Dr Chari explained that the decrease in fat and lipids 18 months prior to a pancreatic diagnosis were reminiscent of the effects of browning of white adipose tissue, a phenomenon found in other cancers.

"Brown fat generates body heat, a phenomenon especially prominent in newborn babies but much less so in adults," added Dr Chari.

Dr Chari mentioned that a specific marker of brown fat is an uncoupling protein called UCP-1.

"White fat can be turned brown by turning on certain 'browning' genes, including, UCP-1," he said. "We hypothesised that pancreatic cancer causes browning of subcutaneous fat and we confirmed our hypothesis in animal, experimental and human studies."

Based on their findings Dr Chari and his colleagues identified three distinct metabolic phases prior to a diagnosis of pancreatic cancer.
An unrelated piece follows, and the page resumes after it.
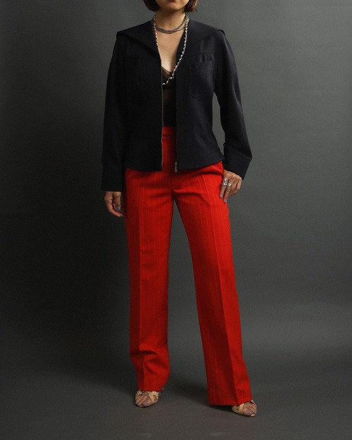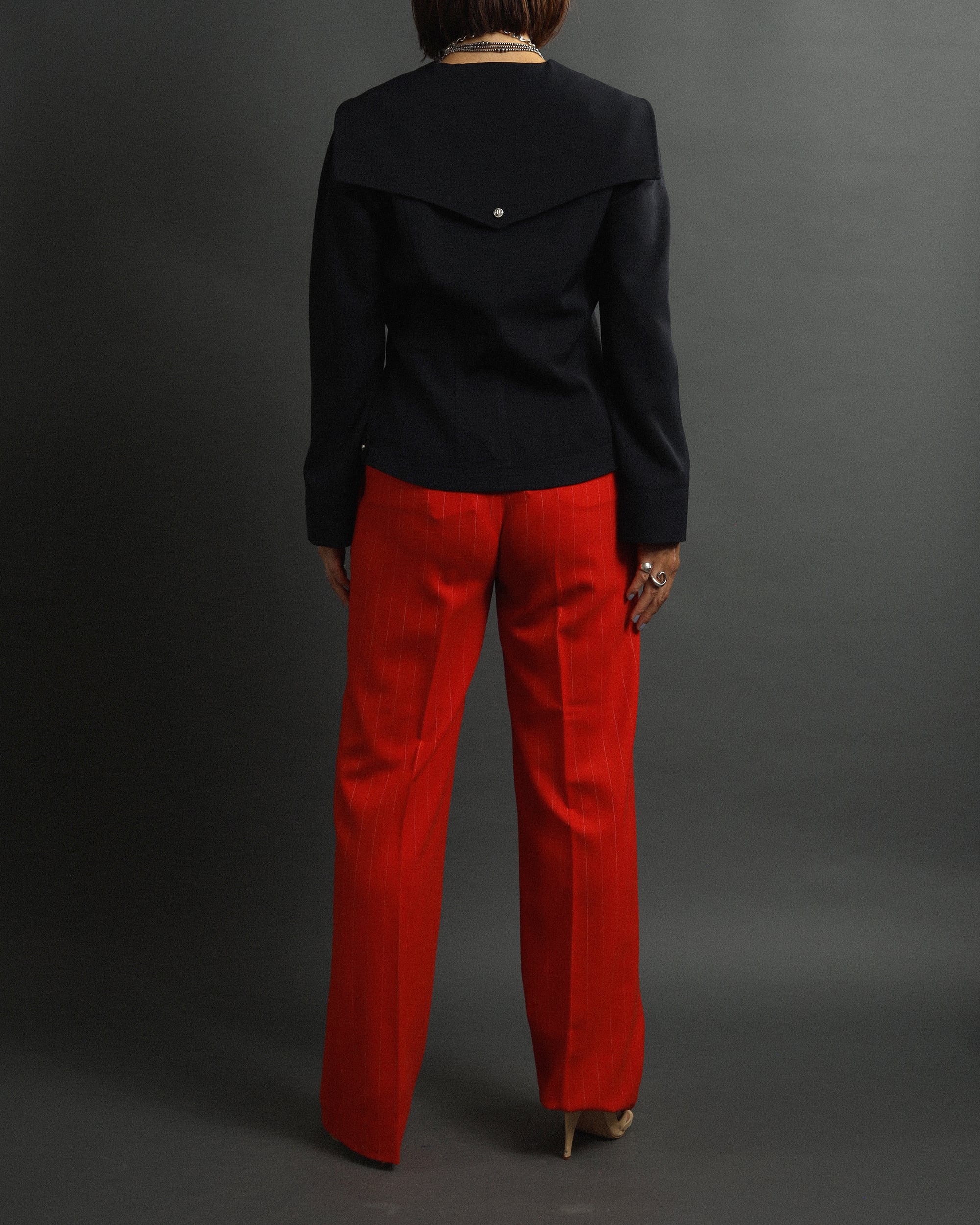 Era : c.1990 Label : Mugler Trademark / Made in --- Materials : Poly, Wool, Spandex Condition : 目立ったキズやシミなし Color : Navy Size : 肩幅40cm / 身幅48cm / 着丈58cm / 袖丈57cm *採寸は平置きで採寸しております。多少の誤差は御了承下さい。 Model:163cm Care : ドライクリーニング

Each phase is characterised by the onset of a new metabolic change:

  • Phase I - this phase, at 36 to18 months, is characterised by rise in blood glucose levels.
  • Phase II - this phase, at eight to six months, is characterised by decreases in lipids and weight, browning of subcutaneous fat and a rise in body temperature.
  • Phase III - this phase, at six to zero months, is characterised by a further rise in blood glucose levels and body temperature, along with a decrease in lipids; weight; and soft tissues that include subcutaneous fat, visceral fat and muscle.
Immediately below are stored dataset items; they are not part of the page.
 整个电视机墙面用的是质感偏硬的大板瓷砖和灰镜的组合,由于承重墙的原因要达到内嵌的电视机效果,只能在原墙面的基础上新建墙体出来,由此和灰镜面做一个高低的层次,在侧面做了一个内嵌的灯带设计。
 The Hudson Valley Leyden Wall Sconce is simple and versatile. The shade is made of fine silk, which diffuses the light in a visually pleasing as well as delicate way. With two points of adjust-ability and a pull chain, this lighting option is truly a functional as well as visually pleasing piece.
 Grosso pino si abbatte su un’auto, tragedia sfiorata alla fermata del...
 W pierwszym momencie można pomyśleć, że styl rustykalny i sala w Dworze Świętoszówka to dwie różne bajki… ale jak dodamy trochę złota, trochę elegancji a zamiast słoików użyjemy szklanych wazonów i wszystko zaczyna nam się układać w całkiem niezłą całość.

"Our study has important implications for the early detection of pancreatic cancer," explained Dr Chari. "Along with supporting data from animal and experimental studies, we were able to show that UCP-1 gene levels are markedly increased in patients with pancreatic cancer, compared to controls. We believe UCP-1 can potentially be used as a biomarker to predict pancreatic cancer in high-risk groups, such as patients with new-onset or long-standing diabetes who are unintentionally losing weight."

Dr Chari's previous research focused on studying patients with new-onset diabetes as a high-risk group for developing pancreatic cancer.

As part of this work, Dr Chari and his colleagues developed and validated a score called Enriching New-Onset Diabetes for Pancreatic Cancer or ENDPAC that stratifies the risk of developing pancreatic among patients with new-onset diabetes.